Last Thursday, the Court granted the government’s request to dismiss Trump’s lawsuit, handing the president a major victory.
But when Justice Elena Kagan joined the Court’s four liberal Republicans in reversing the lower court’s dismissal, the prospects for President Trump’s victory were dim.
The reversal was based almost entirely on Kagan’s concurrence, joined by Ruth Bader Ginsburg, Stephen Breyer and Sonia Sotomayor, two of the liberal justices.
What’s more, the reversal appears to have saved the government money in order to comply with a previously agreed upon schedule for Trump’s special master to turn over the documents and provide the president with answers to his question about the existence of internal documents proving that the government’s ObamaCare plans had been “enacted” by the President.
The document that the special master was ordered to provide the president contained evidence that the ObamaCare exchanges had been “enacted.”

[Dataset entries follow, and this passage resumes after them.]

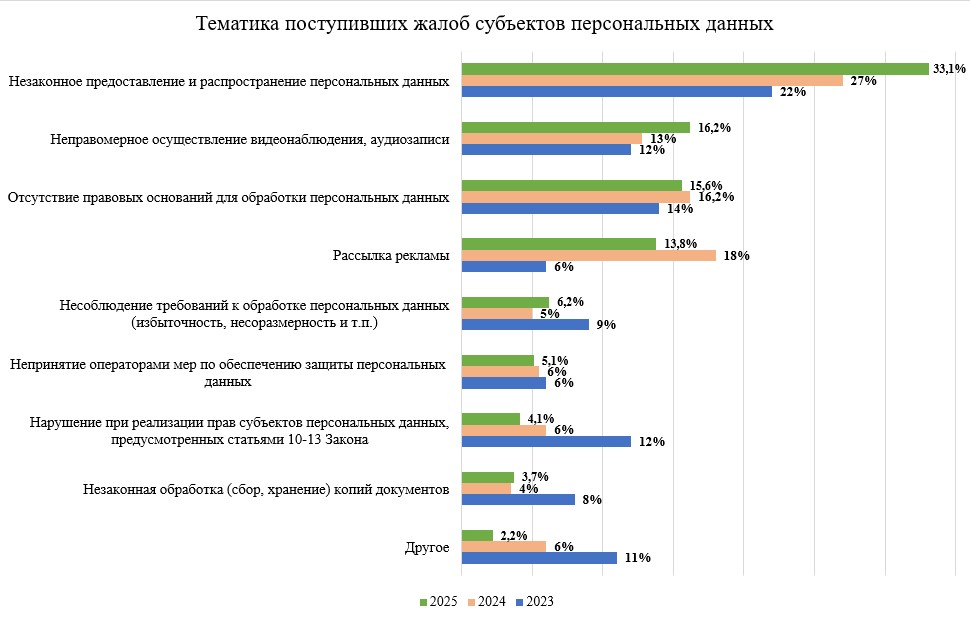 В 2025 году наблюдался рост жалоб по вопросам правомерности предоставления персональных данных третьим лицам, распространения личной информации, в том числе в сети Интернет (мессенджерах, социальных сетях) (с 27 до 33,1%), осуществления видеонаблюдения и аудиозаписи (с 13 до 16,2%), несоблюдения общих требований к обработке персональных данных, в том числе в части требований о соразмерности и недопущении избыточной обработки персональных данных (с 5 до 6,2%).
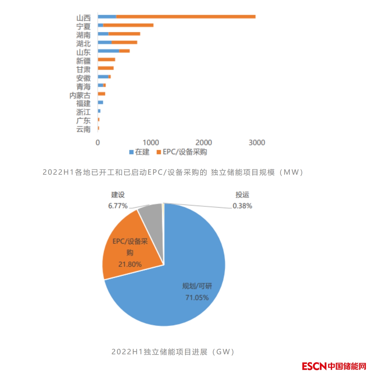 根據(jù)儲能與電力市場統(tǒng)計,2022年上半年并網投 運的獨立儲能電站共2座、啟動施工建設的項目共17個、進入/完成EPC和儲能設備招標的項目共64個,總計規(guī)模9.24GW/18.55GWh;
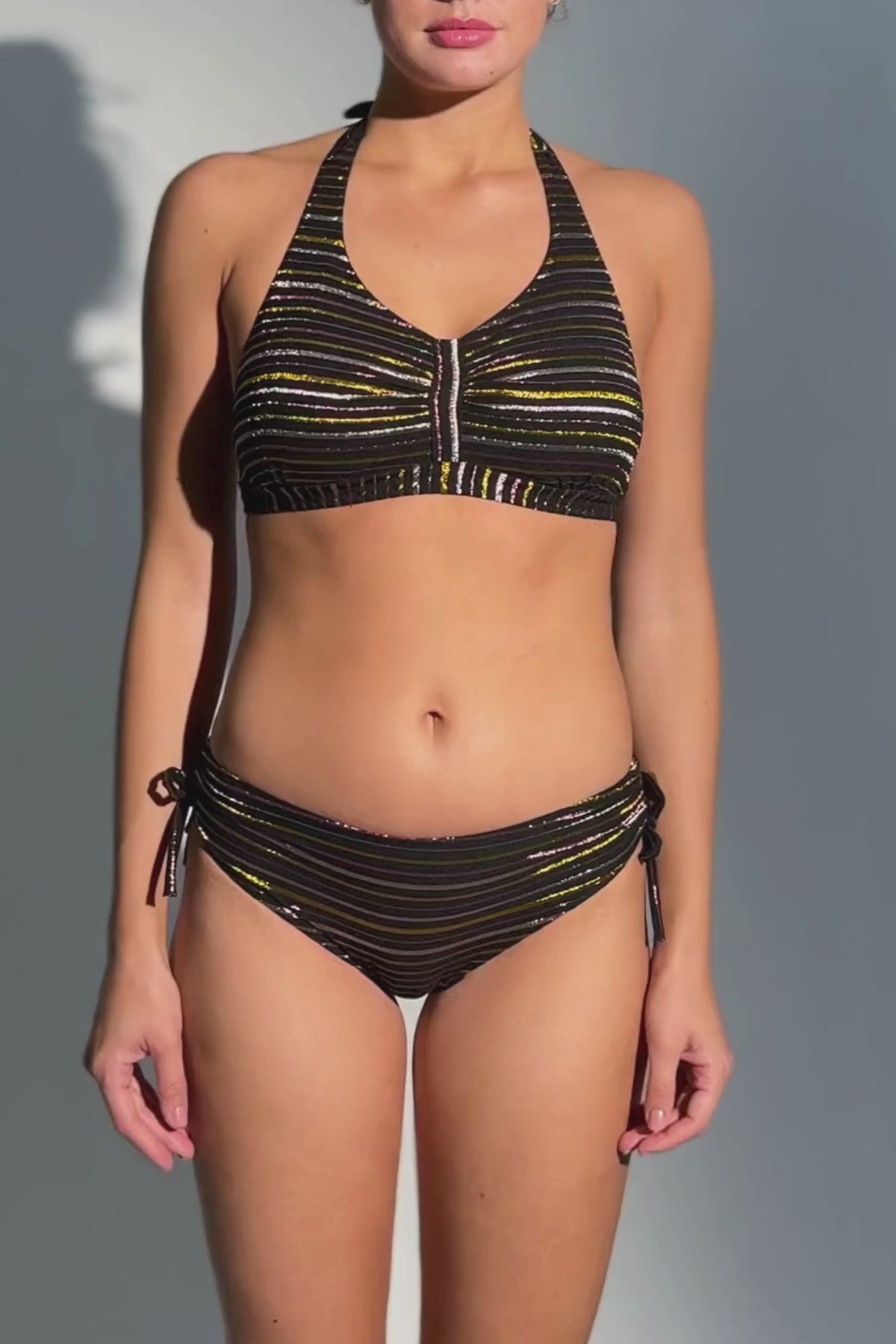 - Beskrivelse: Helskål bikini top med halterneck der bindes i nakken og ryggen. Denne bikinitop er udviklet med særligt henblik på en større og tungere barm. Toppen går længere ud på siderne og giver støtte til brystet. Den dækker kavalergangen og har en fin rynkeeffekt foran der giver en god form til barmen. Bikini toppen har tynde udtagelige indlæg. Stoffet har lidt struktur i overfladen.
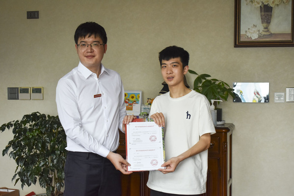 傅志昂博士化身“快递员”向徐展送出了由校长吕延文亲笔签发的全校第一封录取通知书,并勉励徐同学要下决心努力学习、实践,加强技能修养,提升综合素质,争做行业技术能手。
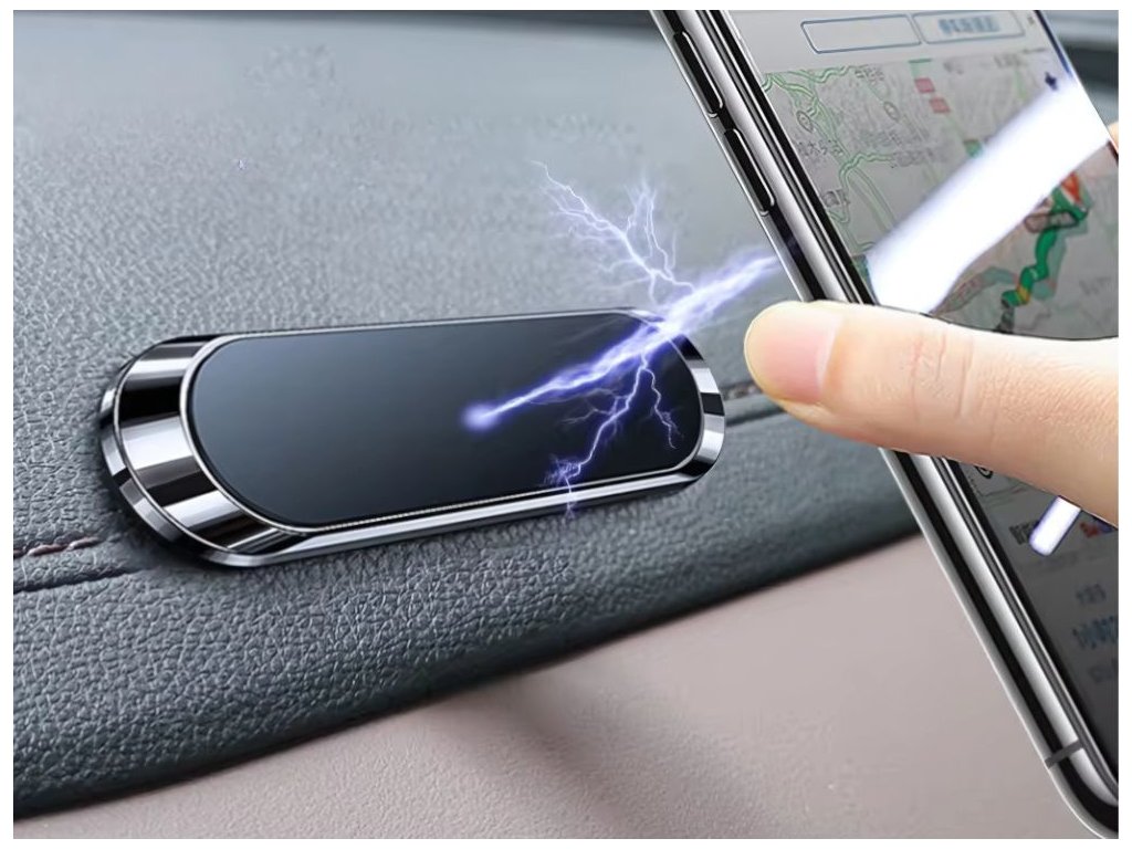Součástí balení jsou dva silné magnety, které zajistí, že váš smartphone bude pevně držet na místě - bez ohledu na jeho velikost nebo hmotnost. Magnetické destičky lze nalepit přímo na pouzdro telefonu nebo je schovat pod pouzdro. Držák je připevněn pomocí odolné lepicí pásky, která dobře přilne k různým povrchům: palubní desce, bočnímu panelu nebo kokpitu.
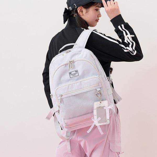 【防潑水】繫帶蝴蝶結卡包掛飾雙肩包
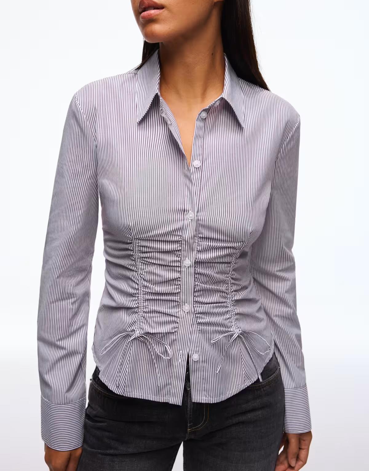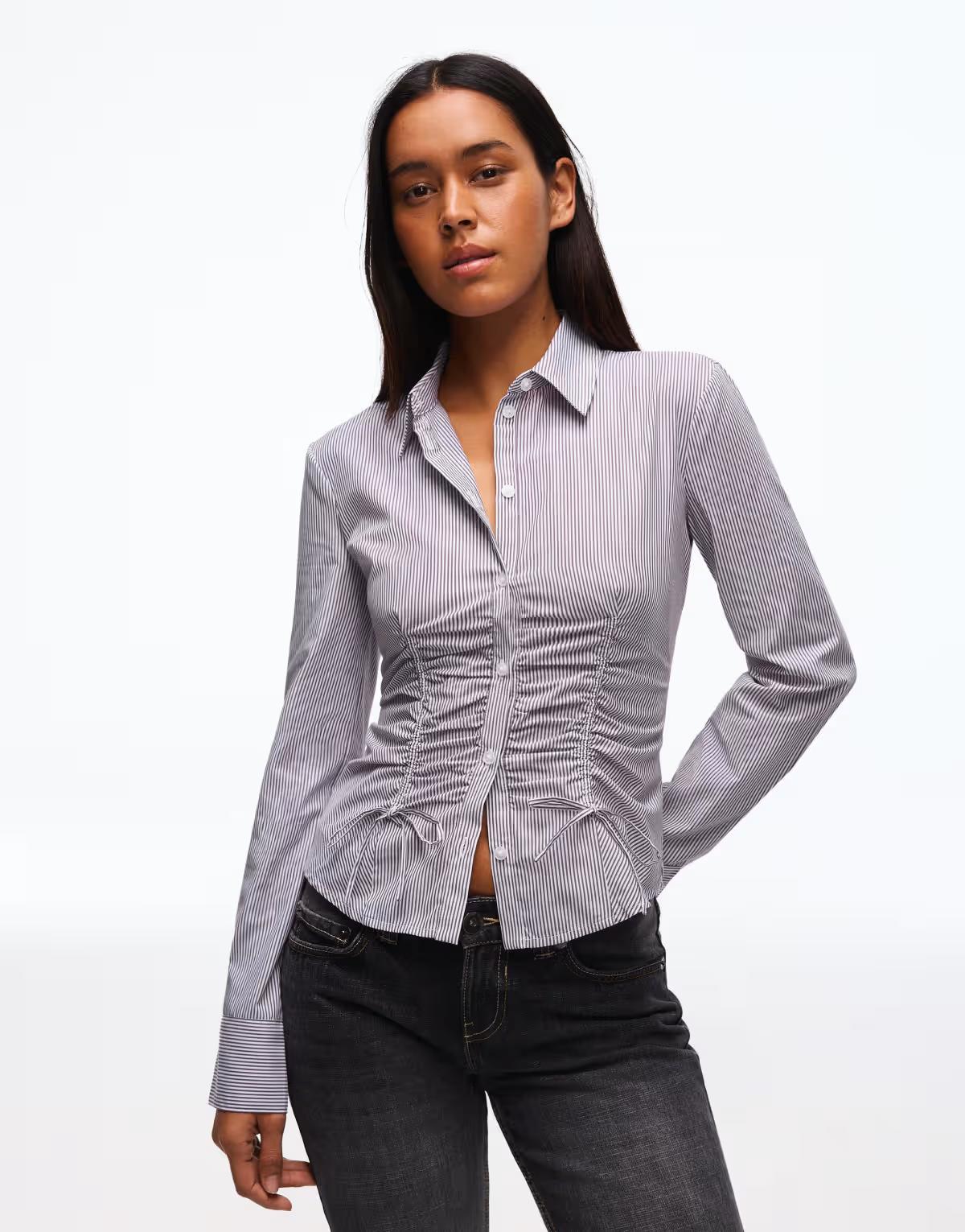 Bershka Gathered poplin shirt in brown
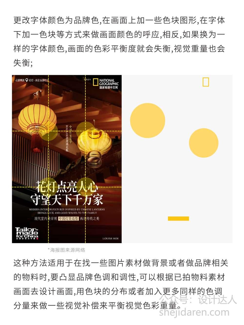 比如通过在字体下加色块等方式,能形成画面颜色的呼应;反之,如果所有字体都采用一样的颜色,画面的色彩平衡度和视觉重量就容易失衡。当我们使用图片素材做背景或设计品牌相关物料时,为了凸显品牌色调和调性,可以根据素材画面,通过色块分布或增加同色调分量来进行视觉补偿,平衡视觉色彩重量。
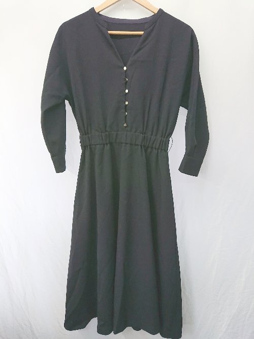 ◇ ◎ ⊇ Jewel Changes ジュエルチェンジズ 長袖 膝下丈 ワンピース サイズ36 ネイビー レディース E

The reversal is also based on the argument that the special master — Trump-appointed Marc Short, the former spokesman for the ObamaCare exchanges — cannot be considered a “party in interest” to the litigation, as the plaintiffs argue.
The Court issued an opinion explaining that “the special master” cannot be considered a “party” to the litigation, but the opinion was brief because, as they say, every opinion needs to be brief (or so the Court has been saying for years).
With the reversal, the lower court’s dismissal of Trump’s lawsuit was lifted, and the President would now have to make a motion to dismiss the lawsuit, based purely on the issue of the special master’s status as a “party in interest.” Should this motion be granted, the dismissal would still be on the merits, meaning that the case may still go to trial.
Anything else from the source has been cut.